_What to produce_
The line containing "รูปภาพแผนที่แสดงขอบเขตพื้นที่รับน้ำ" marks the end; write out exactly every line from the start of the data up to and including it, without the pictures.

_Extracted entries_
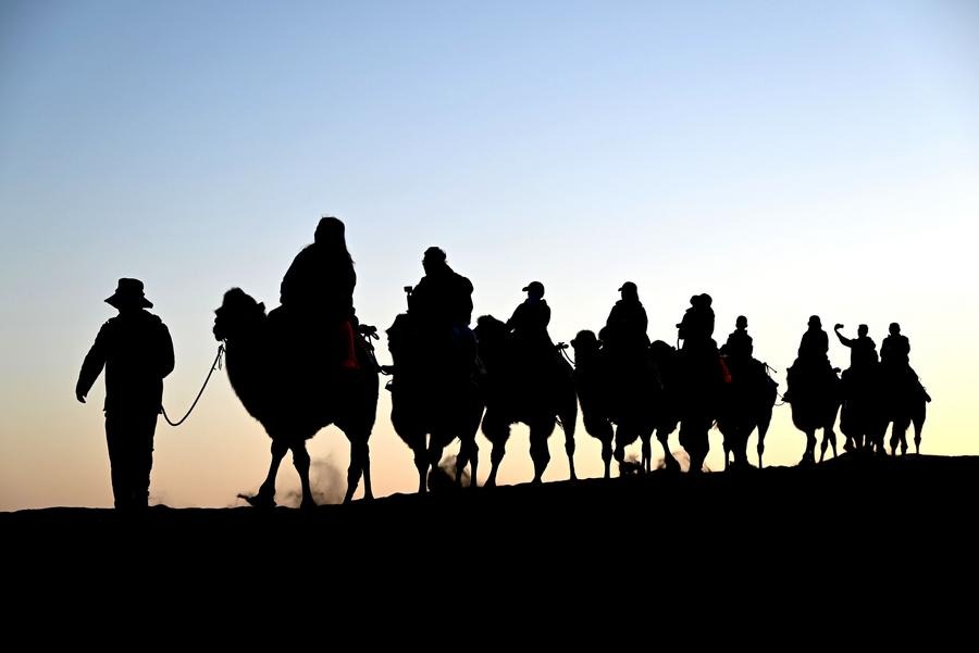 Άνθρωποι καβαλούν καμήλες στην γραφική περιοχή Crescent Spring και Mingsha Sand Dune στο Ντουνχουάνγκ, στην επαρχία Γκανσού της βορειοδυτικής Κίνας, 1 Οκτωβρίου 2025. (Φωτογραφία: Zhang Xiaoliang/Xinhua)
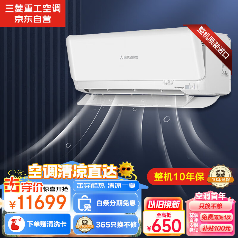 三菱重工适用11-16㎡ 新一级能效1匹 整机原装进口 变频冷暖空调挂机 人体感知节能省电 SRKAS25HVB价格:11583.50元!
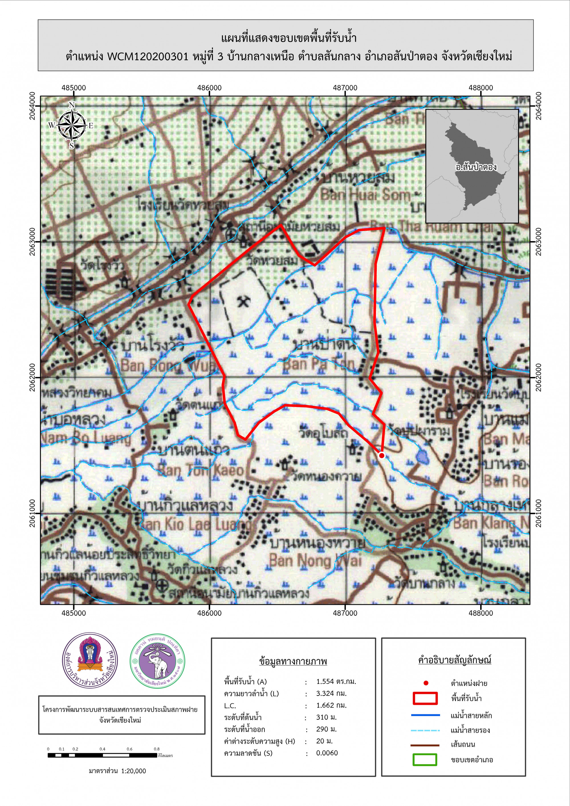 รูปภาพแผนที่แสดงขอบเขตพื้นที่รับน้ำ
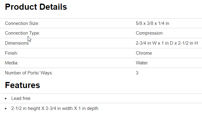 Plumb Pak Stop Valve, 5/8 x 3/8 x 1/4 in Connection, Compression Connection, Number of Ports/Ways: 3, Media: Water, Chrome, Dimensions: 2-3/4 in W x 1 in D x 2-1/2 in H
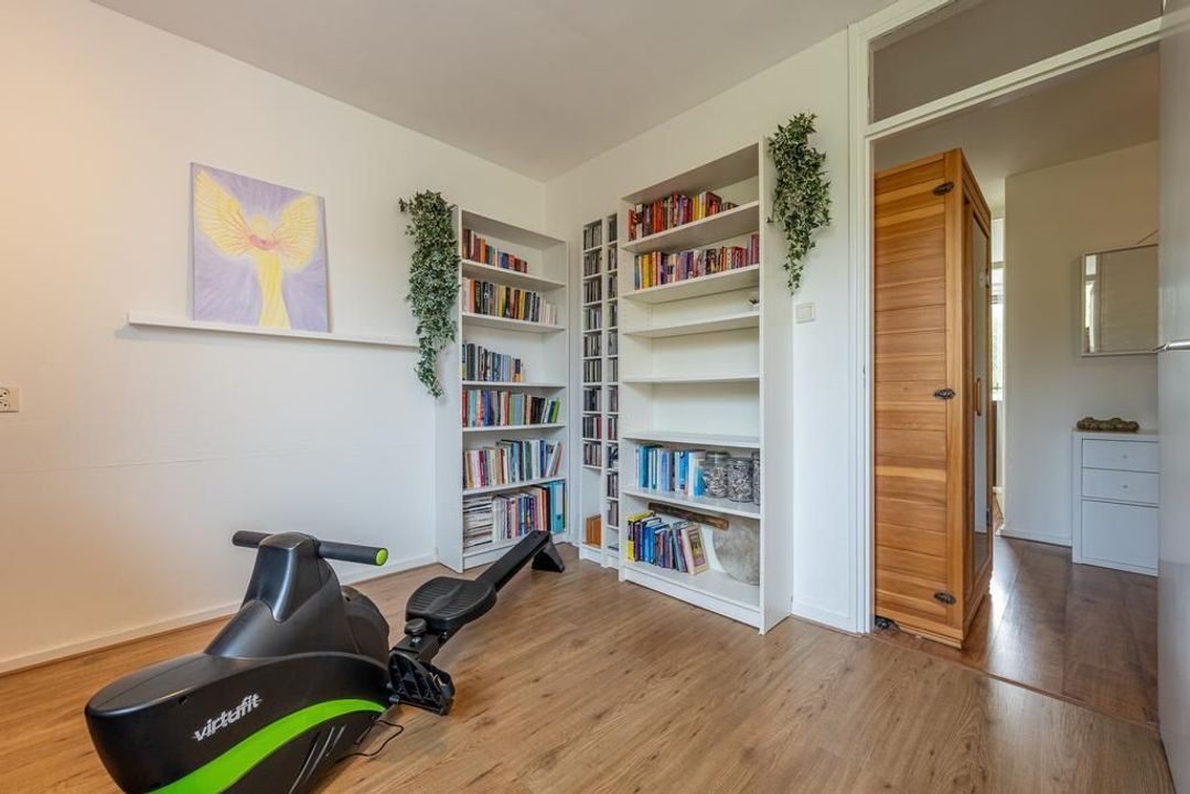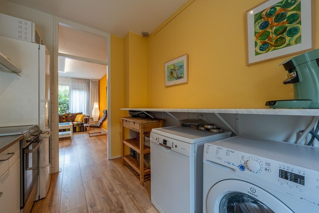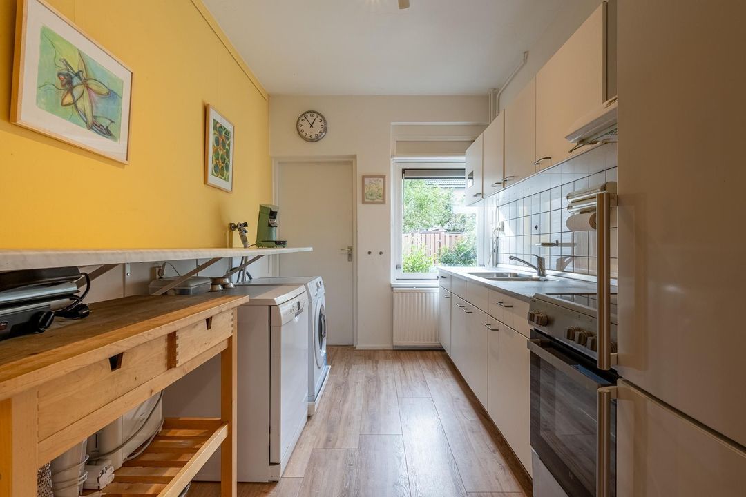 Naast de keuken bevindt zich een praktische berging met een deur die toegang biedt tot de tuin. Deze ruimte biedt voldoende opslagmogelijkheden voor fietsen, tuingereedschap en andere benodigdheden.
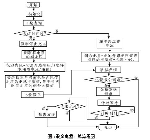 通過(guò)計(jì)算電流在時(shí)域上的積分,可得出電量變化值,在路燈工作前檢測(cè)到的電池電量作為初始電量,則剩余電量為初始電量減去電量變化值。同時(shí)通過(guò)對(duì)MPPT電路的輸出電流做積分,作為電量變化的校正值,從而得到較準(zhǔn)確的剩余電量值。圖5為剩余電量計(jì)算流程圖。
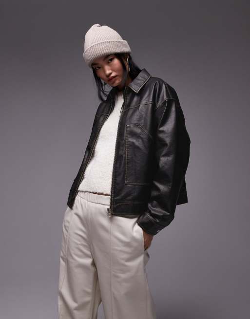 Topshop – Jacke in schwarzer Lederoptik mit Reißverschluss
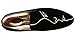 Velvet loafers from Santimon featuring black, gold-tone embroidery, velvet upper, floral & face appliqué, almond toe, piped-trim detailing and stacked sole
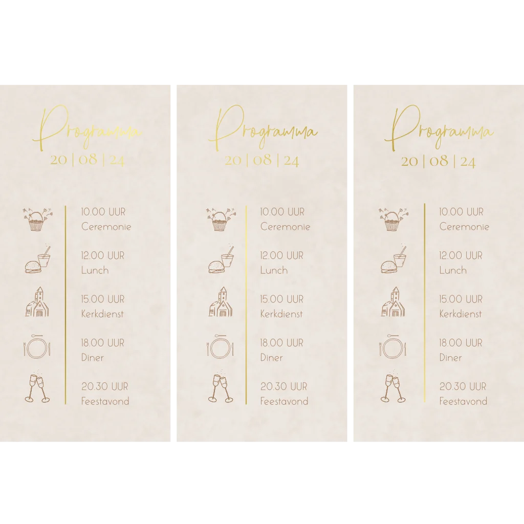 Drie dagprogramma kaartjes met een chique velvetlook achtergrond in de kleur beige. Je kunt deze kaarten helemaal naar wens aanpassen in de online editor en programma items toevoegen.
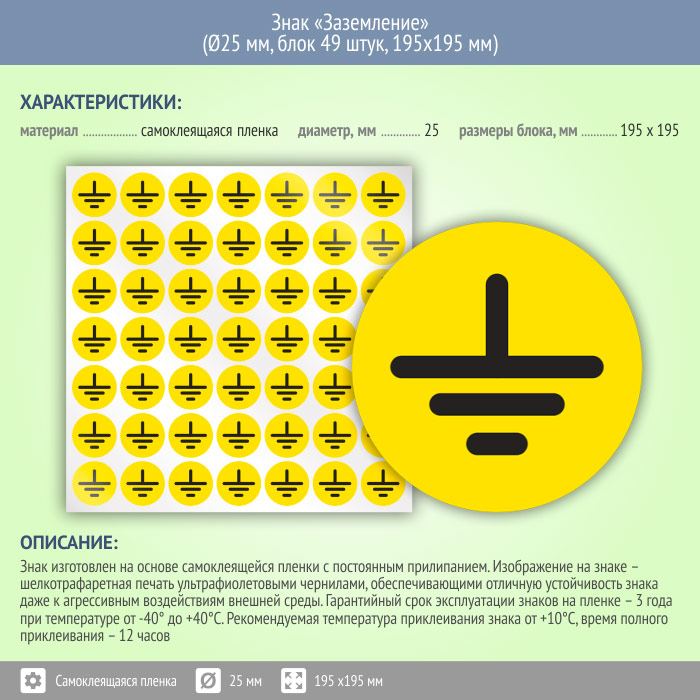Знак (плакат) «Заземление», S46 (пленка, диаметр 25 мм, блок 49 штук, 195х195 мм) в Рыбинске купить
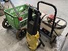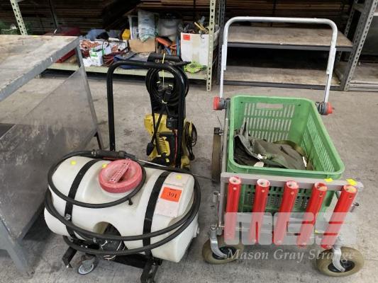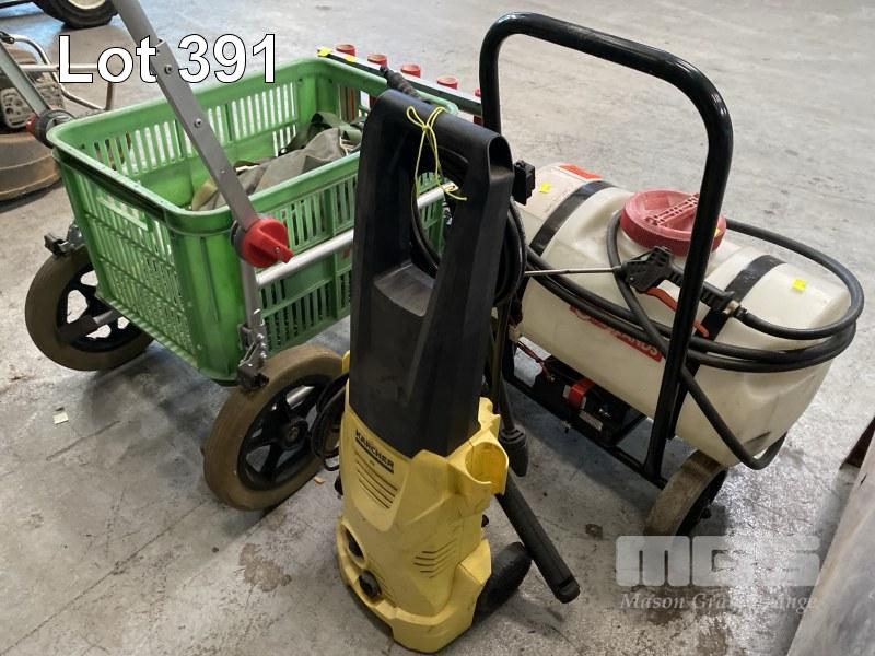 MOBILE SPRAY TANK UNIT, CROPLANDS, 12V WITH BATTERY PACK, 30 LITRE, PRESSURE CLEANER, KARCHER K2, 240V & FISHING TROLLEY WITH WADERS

_Expected answer_
 Άνθρωποι καβαλούν καμήλες στην γραφική περιοχή Crescent Spring και Mingsha Sand Dune στο Ντουνχουάνγκ, στην επαρχία Γκανσού της βορειοδυτικής Κίνας, 1 Οκτωβρίου 2025. (Φωτογραφία: Zhang Xiaoliang/Xinhua)
 三菱重工适用11-16㎡ 新一级能效1匹 整机原装进口 变频冷暖空调挂机 人体感知节能省电 SRKAS25HVB价格:11583.50元!
 รูปภาพแผนที่แสดงขอบเขตพื้นที่รับน้ำ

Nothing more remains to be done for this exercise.